Adjust the oven racks so they divide the oven into thirds. Set oven at 350 degrees F.

Have on hand a nonstick or buttered cookie sheet and a candy thermometer.

Spread almonds on a cookie sheet and bake them, stirring occasionally for 10-12 minutes or until they are golden brown. Let cool completely.

In a food processor fitted with a metal blade, pulse the machine in on-off motions until the almonds aer finely chopped but not powdery.
Sprinkle half the nuts over a 7 x 10 inch area on the cookie sheet. Set it near the burners; you'll need to grab it quickly. Have the vanilla and baking soda nearby as well.

In a heavy-based saucepan, preferably nonstick, combine the brown sugar, water and butter. Bring to a boil, stirring constatly, until the mixture reaches 285 degrees F on a candy thermometer. This is the soft crack stage (a little of the mixture dropped into a bowl of ice water will separate into threads that are hard but not brittle.)

Immediately remove the saucepan from the heat and add the vanilla and baking soda. Pour the toffee mixture carefully and evenly onto the nuts, keeping within the 7 x 10 rectangle.

Working quickly, scatter the chocolate onto the toffee. Press the chocolate lightly with your fingertips so it starts melting.

Let it sit for five minutes. The chocolate will be soft enough to spread with a metal spatula or butter knife. Make an even layer over the surface of the toffee. Dust the chocolate with the remaining almonds. Leave the toffee to cool completely, then break it into irregular pieces. You can store the toffee in an airtight container at room temperature for up to a month.

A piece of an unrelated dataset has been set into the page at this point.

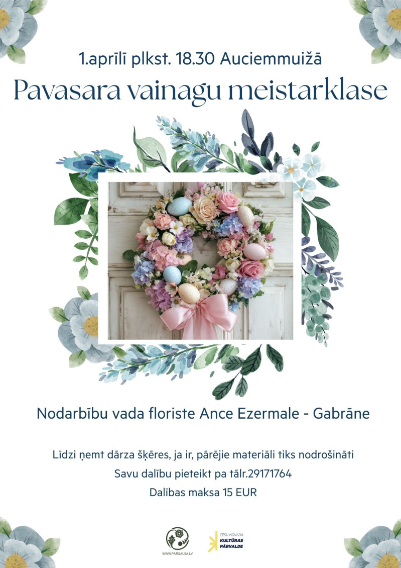 Trešdien, 1. aprīlī, plkst. 18.30 Raiskuma pagasta Tautas namā “Auciemmuiža” aicinām uz radošu un iedvesmojošu vakaru - pavasara durvju vainagu meistarklasi.

Donna Maria @ Indie Business said...

I love Rose Levy Beranbaum! I have one of her cookbooks around here somewhere and you've inspired me to dig it out. Thanks for this great series -- what a super idea!

Anonymous said...

The picture is mouth watering!!

Beth said...

That looks yummy, Marla! Your photography is good, too. :-)

backporchsoap said...

Thanks, ladies! Donna Maria - I also posted a link to her website which looks fabulous and full of recipes.